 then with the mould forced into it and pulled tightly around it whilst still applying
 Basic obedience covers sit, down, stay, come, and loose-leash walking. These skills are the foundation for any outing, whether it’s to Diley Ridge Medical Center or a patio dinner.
-*-
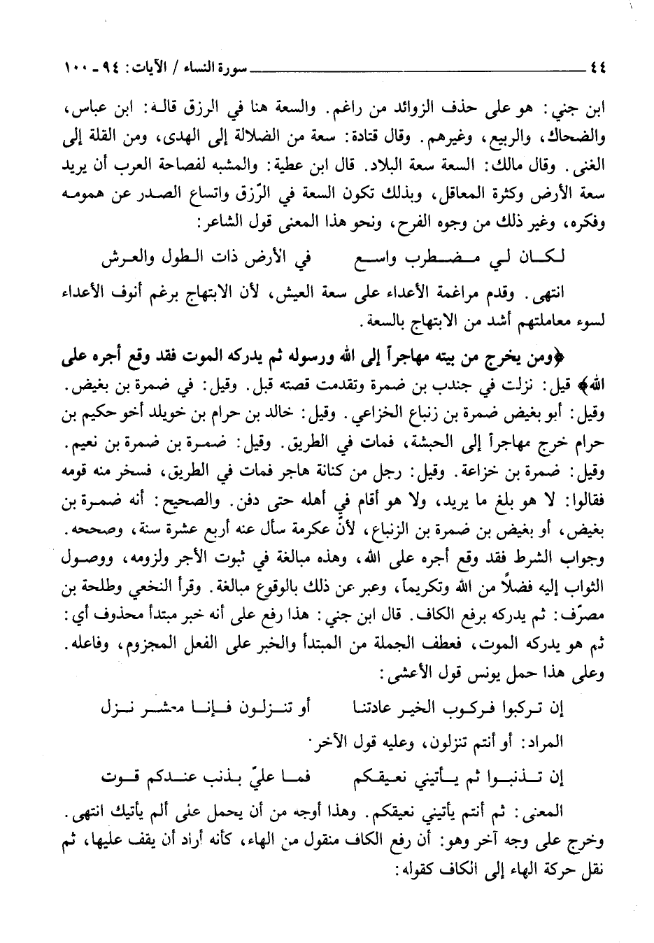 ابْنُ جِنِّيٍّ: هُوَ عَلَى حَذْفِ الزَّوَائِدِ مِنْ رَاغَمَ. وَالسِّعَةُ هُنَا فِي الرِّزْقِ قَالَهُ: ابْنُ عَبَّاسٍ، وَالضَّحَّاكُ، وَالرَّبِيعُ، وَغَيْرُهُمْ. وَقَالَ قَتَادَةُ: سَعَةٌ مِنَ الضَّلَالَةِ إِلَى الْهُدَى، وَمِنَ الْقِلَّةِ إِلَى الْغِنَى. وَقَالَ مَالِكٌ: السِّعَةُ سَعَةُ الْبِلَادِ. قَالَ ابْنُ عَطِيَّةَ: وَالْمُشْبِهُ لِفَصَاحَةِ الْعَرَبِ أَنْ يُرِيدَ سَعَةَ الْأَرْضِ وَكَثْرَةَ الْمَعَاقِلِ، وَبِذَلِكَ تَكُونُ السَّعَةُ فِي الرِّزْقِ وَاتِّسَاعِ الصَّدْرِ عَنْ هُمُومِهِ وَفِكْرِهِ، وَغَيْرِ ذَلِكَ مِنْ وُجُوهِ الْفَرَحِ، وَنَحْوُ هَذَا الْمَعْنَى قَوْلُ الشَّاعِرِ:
-*-
Work required → Only one stretch of the entries above is wanted: the lines from the one containing "then with the" through the one containing "Basic obedience covers". Please reproduce it exactly.

Answer section →
 then with the mould forced into it and pulled tightly around it whilst still applying
 Basic obedience covers sit, down, stay, come, and loose-leash walking. These skills are the foundation for any outing, whether it’s to Diley Ridge Medical Center or a patio dinner.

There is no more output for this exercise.